15. The method of claim 14, wherein the instruction further comprises a write mask operand,
In response to determining that the write mask operand indicates that a write mask has been set for one of the 64 packed data elements of the set in the destination packed data operand and a determination that a merge masking flag is set for the instruction, Further comprising: storing the values stored in the storage location indicated by the destination-packed data operand for the locations indicated by one of the 64 packed data elements in the set.

15. The method of claim 14, wherein the instruction further comprises a write mask operand,
Determining that the write mask operand indicates that a write mask has been set for one of the 64 packed data elements of the set in the destination packed data operand, and in response to determining that a merge masking flag is not set for the instruction Storing a value of zero in the storage location indicated by the destination-packed data operand for the locations indicated by one of the 64 packed data elements in the set.

15. The method of claim 14, wherein the storage location indicated by the destination-packed data operand is one of a register and a memory location.

15. The method of claim 14, wherein the storage location indicated by the first source-packed data operand is one of a register and a memory location.

15. The method of claim 14, wherein the storage location indicated by the destination-packed data operand has a length of 512 packed data elements.

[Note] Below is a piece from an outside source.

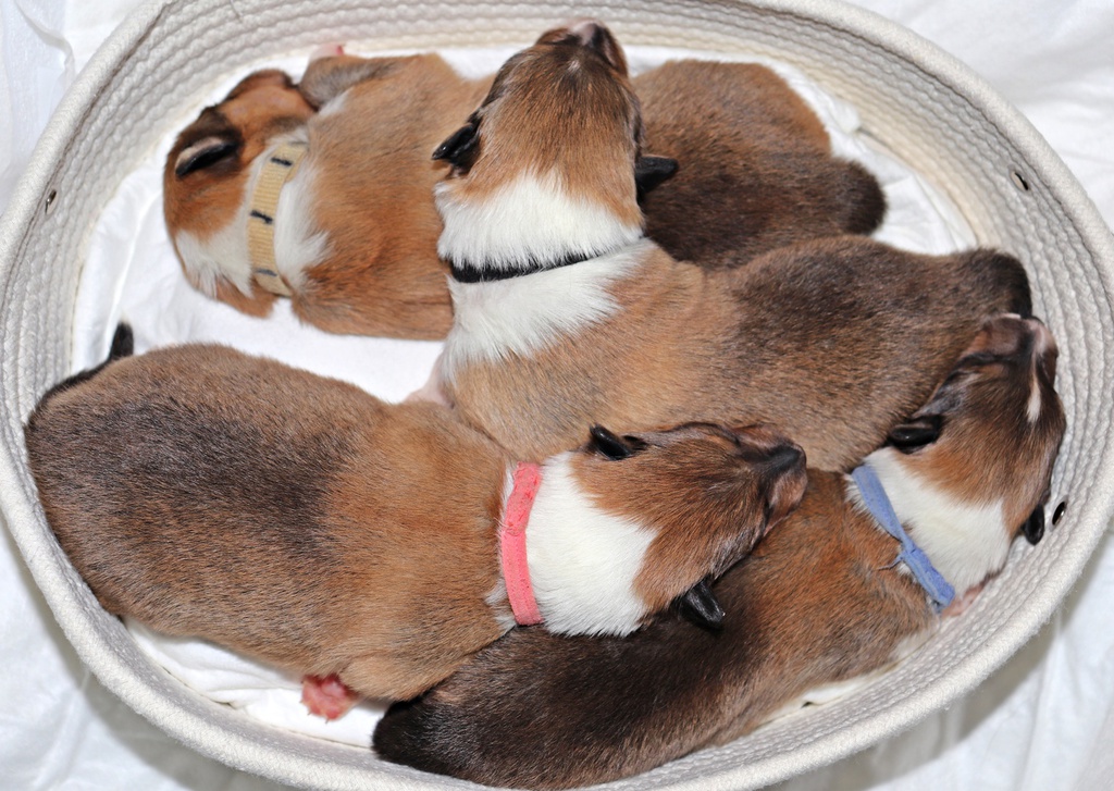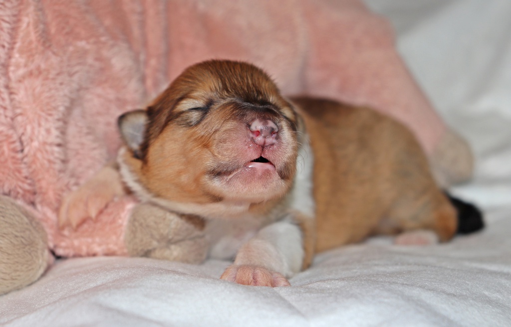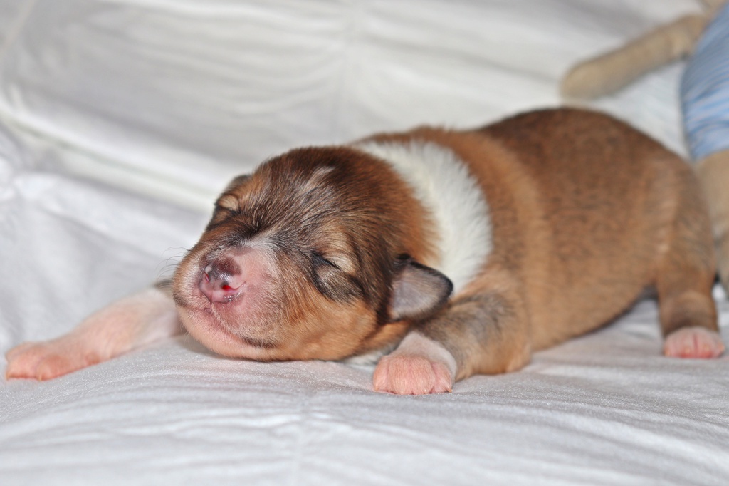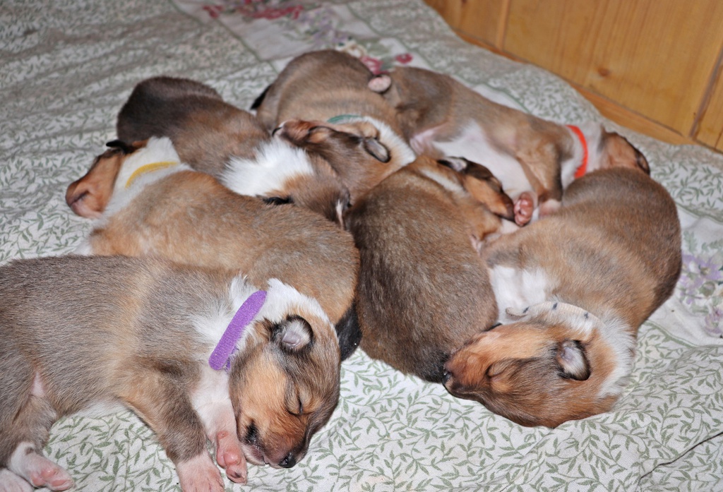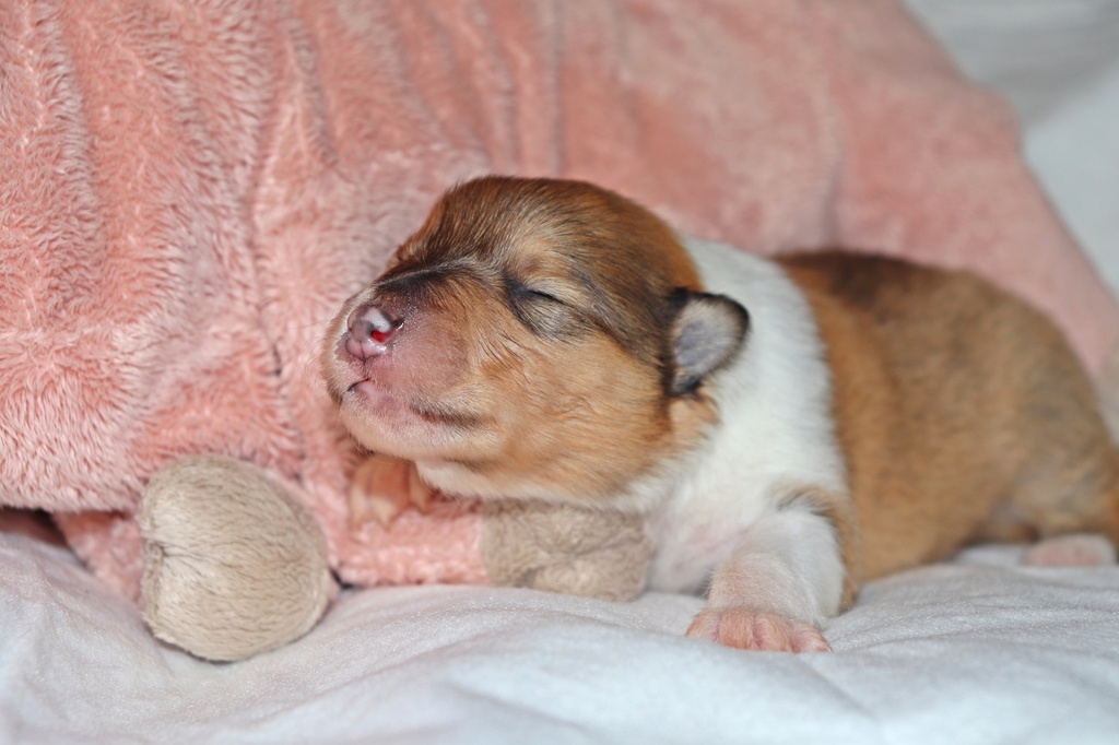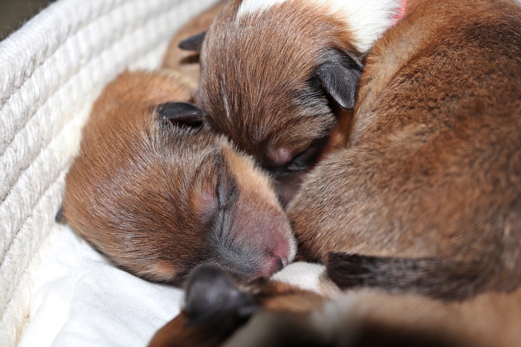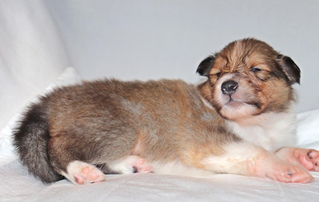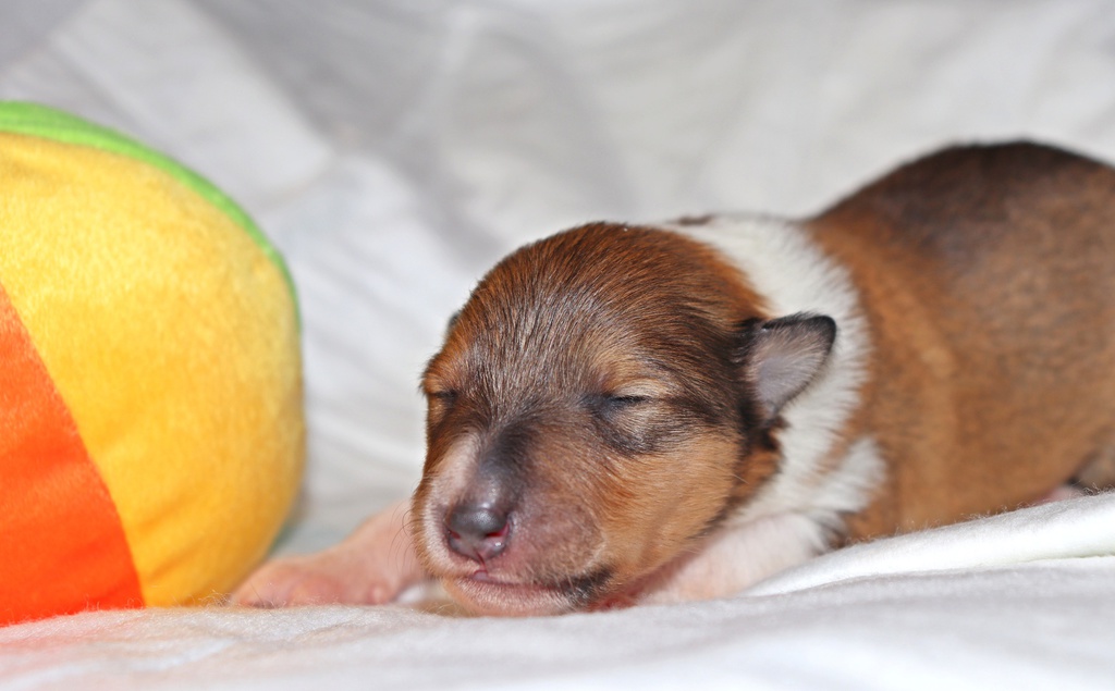 Mittlerweile haben die Welpen kräftig zugenommen und wiegen zwischen 820 und 1040 Gramm. Auch die Augen öffnen sich allmählich und erste erste taumelige Gehversuche werden in der Wurfkiste unternommen. Ihre Mama Ary hat sich vollständig vom Kaiserschnitt erholt und kümmert sich liebevoll um ihre Fellkinder.

13. The method of claim 12,
Determining that values of all of the first set of data elements are zero; And
Storing a value of zero at one or more locations of the first set of storage locations indicated by the destination-packed data operand
&Lt; / RTI >

13. The method of claim 12, wherein bits of the first specified set of bits and second specified set of bits of the immediate operand each represent an output of a binary function.

13. The method of claim 12, wherein the immediate operand has a length of 8 bits, the bits of the first specified set of the immediate operands are the least significant 4 bits of the immediate operand, and the bits of the second specified set of the immediate operand are The most significant 4 bits of the immediate operand.